Term-limited House Majority Leader Paul Weissmann, D-Louisville, was the recipient of two beer steins and a 12-pack of Natural Light beer from fellow lawmakers. Weissmann has served eight years in the House and before that, a full term in the Senate.
Photo by Marianne Goodland/The Colorado Statesman

Senate Majority Leader John Morse, D-Colorado Springs, said the Democrats have had very difficult work to do, including balancing the budget. And the budget has been cut, Morse said, pointing to a $260 million cut to K-12 education, $62 million to higher education, a $37 million reduction in state payroll, $20 million from corrections and a $20 million reduction to Medicaid providers. Republicans can focus on the $140 million in additional state revenue from repeals of sales tax exemptions and income tax credits and say “it’s the worst ever,” Morse said. “But we’ve balanced to the best of our ability for the entire state.” Business will benefit, Morse said. “We’re trying to position higher education so it can continue to serve business interests.”

The session’s biggest disappointments, according to Shaffer and Morse, have been the failure of a major river-rafting bill (HB 1188) and the concurrent resolution to create a fiscal stability commission that would look at constitutional reform (SCR 001). Both died on Tuesday.

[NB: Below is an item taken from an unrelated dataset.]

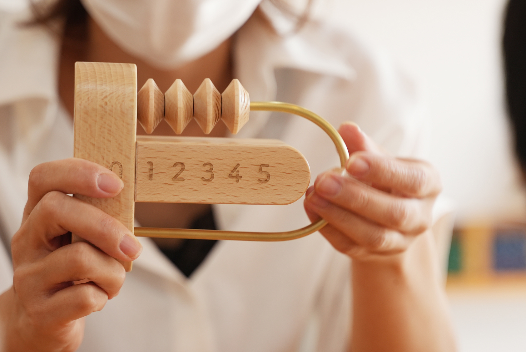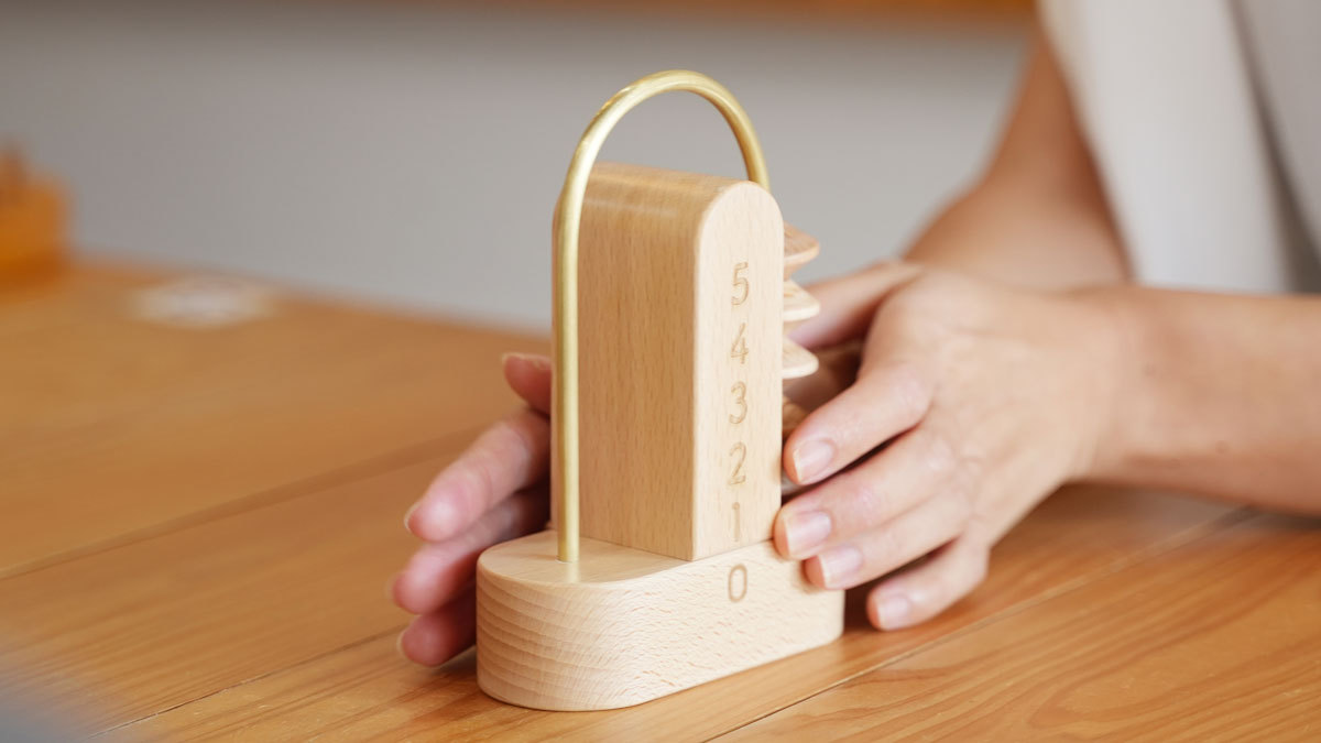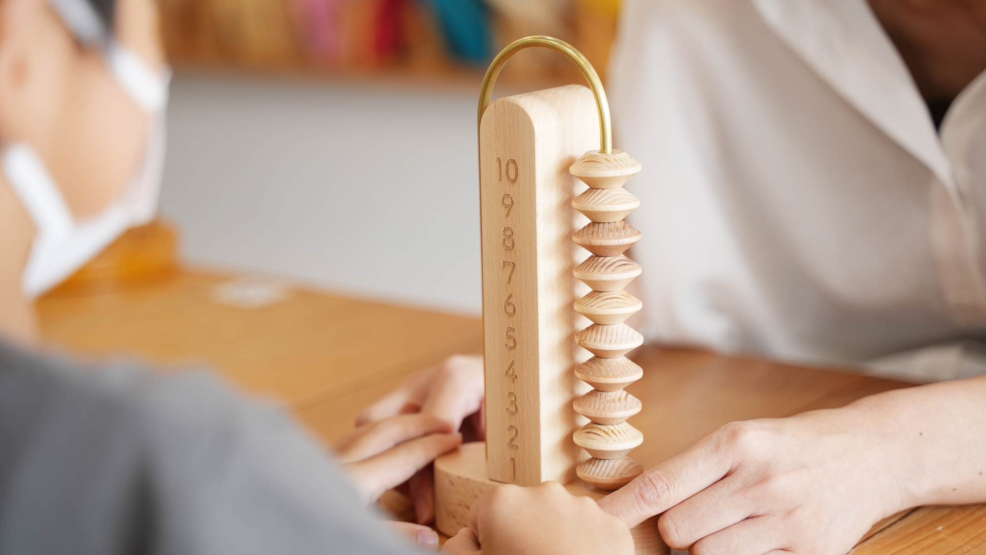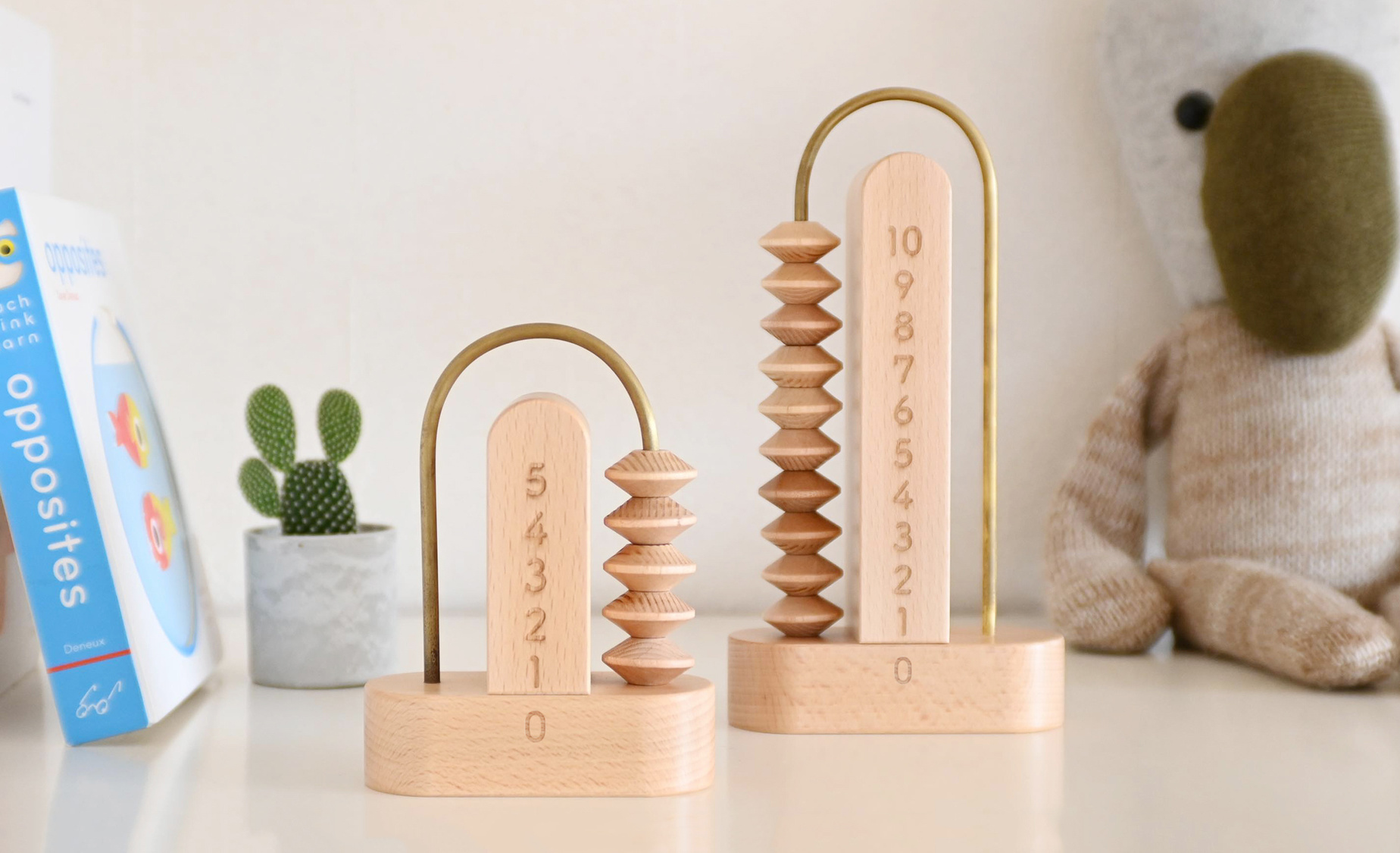 Equal 5 and 10 are educational toys co-designed by a speech pathologist and a product designer using the traditional learning methods and crafting techniques of the Banshu abacus, an officially recognized traditional craft from Ono in the Hyogo prefecture. The numbers in the front are written vertically and the ones on the back are written horizontally. For the face-to-face learning session, we recommend setting the product upright while placing it sideway is more suitable for self-study. You will enjoy the clicking sound and texture of the wooden beads. This abacus makes learning fun!

Like their Republican counterparts, Senate Democrat leaders said they hoped all legislators would work together for the defeat of Amendments 60, 61 and 101.

House Democrat leaders did not hold a session wrap-up, but House Majority Leader Paul Weissmann, D-Louisville, told The Colorado Statesman what was best about the 2010 session was probably also what was worst. “We had an incredibly hard session,” Weissmann said this week, with budget, marijuana, teacher tenure and river-rafting issues. Despite the intensity of the session and the time needed for the many major issues, “we managed it pretty well.”

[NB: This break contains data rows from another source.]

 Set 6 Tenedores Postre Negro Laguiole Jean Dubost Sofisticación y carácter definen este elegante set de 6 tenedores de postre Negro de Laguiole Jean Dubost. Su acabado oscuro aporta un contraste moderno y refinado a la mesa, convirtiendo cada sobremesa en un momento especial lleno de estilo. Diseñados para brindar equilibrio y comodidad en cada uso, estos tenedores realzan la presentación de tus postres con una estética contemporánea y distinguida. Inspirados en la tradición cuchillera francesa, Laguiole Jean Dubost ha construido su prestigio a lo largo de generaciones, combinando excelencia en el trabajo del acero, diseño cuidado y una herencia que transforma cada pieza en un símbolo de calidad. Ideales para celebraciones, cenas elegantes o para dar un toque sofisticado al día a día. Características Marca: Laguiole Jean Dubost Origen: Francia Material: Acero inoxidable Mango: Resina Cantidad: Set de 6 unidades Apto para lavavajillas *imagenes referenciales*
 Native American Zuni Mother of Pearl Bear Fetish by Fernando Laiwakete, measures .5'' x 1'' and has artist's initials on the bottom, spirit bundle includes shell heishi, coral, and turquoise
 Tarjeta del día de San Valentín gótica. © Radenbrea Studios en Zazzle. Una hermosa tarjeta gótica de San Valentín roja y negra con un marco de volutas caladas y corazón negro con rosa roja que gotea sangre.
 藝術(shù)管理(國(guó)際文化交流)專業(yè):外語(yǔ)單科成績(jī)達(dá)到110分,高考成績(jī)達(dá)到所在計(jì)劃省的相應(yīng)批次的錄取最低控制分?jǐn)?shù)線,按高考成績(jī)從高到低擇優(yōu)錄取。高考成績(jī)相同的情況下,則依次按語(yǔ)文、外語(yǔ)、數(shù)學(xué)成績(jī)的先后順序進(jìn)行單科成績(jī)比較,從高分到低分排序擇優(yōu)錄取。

As to the November elections for the General Assembly, Morse said there will be two very different messages: how Democrats approached the difficult mission of governing and how the other side has approached politics. And in contrast to Republican predictions that they will take back the Senate and House, Morse predicted that the Senate next year will have 22 Democrats, one more than in the body this year. “I couldn’t be prouder” of what the Democrats have accomplished this year, Morse said. “I’m set to sail into the campaign season — bring it on!”